这将适用于简单的问题,直到您遇到许多子守护进程,这些子守护进程将不断从父进程获取内存而没有任何显式控制.
最好的方法是设置一个 Queue
让所有子进程与父进程通信,这样我们就可以 join
并很好地清理它们.下面是一些简单的代码,它将检查子进程是否挂起(又名 time.sleep(1000)
),并向队列发送消息以供主进程对其采取措施:
import multiprocessing as mp进口时间导入队列running_flag = mp.Value(i", 1)def worker(running_flag, q):计数 = 1而真:如果 running_flag.value:打印工作 {0} ...".format(count)计数 += 1q.put(计数)时间.sleep(1)如果计数 >3:# 模拟挂着睡觉打印挂..."时间.sleep(1000)def 看门狗(q):""这会检查队列是否有更新并向其发送信号当子进程太长时间没有发送任何东西时""而真:尝试:味精 = q.get(超时=10.0)除了 queue.Empty 作为 e:打印[WATCHDOG]:也许 WORKER 偷懒了"q.put("杀死工人")定义主():""""主进程""""q = mp.Queue()worker = mp.Process(target=worker, args=(running_flag, q))wdog = mp.Process(target=watchdog, args=(q,))# 将看门狗作为守护进程运行,因此它以主进程终止wdog.daemon = 真worker.start()print "[MAIN]: 启动进程 P1"wdog.start()# 轮询队列而真:味精 = q.get()如果 msg == 杀死工人":print "[MAIN]: Terminating slacking WORKER"worker.terminate()时间.睡眠(0.1)如果不是 worker.is_alive():print "[MAIN]: WORKER is a goner"worker.join(超时=1.0)print "[MAIN]: 加入 WORKER 成功!"q.close()break # 看门狗进程守护进程被终止如果 __name__ == '__main__':主要的()
如果不终止 worker
,尝试将其 join()
到主进程将永远阻塞,因为 worker
从未完成.p>
I have some code that needs to run against several other systems that may hang or have problems not under my control. I would like to use python's multiprocessing to spawn child processes to run independent of the main program and then when they hang or have problems terminate them, but I am not sure of the best way to go about this.

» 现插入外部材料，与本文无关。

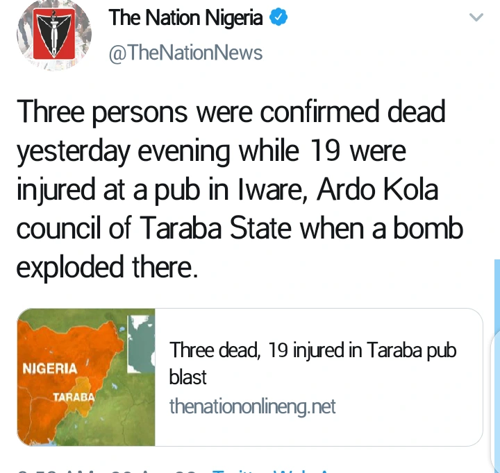 Three persons were confirmed dead yesterday evening while 19 were injured at a pub in Iware, Ardo Kola council of Taraba State when a bomb exploded there.

When terminate is called it does kill the child process, but then it becomes a defunct zombie that is not released until the process object is gone. The example code below where the loop never ends works to kill it and allow a respawn when called again, but does not seem like a good way of going about this (ie multiprocessing.Process() would be better in the __init__()).
Anyone have a suggestion?
class Process(object):
def __init__(self):
self.thing = Thing()
self.running_flag = multiprocessing.Value("i", 1)
def run(self):
self.process = multiprocessing.Process(target=self.thing.worker, args=(self.running_flag,))
self.process.start()
print self.process.pid
def pause_resume(self):
self.running_flag.value = not self.running_flag.value
def terminate(self):
self.process.terminate()
class Thing(object):
def __init__(self):
self.count = 1
def worker(self,running_flag):
while True:
if running_flag.value:
self.do_work()
def do_work(self):
print "working {0} ...".format(self.count)
self.count += 1
time.sleep(1)
解决方案
You might run the child processes as daemons in the background.
process.daemon = True
Any errors and hangs (or an infinite loop) in a daemon process will not affect the main process, and it will only be terminated once the main process exits.
This will work for simple problems until you run into a lot of child daemon processes which will keep reaping memories from the parent process without any explicit control.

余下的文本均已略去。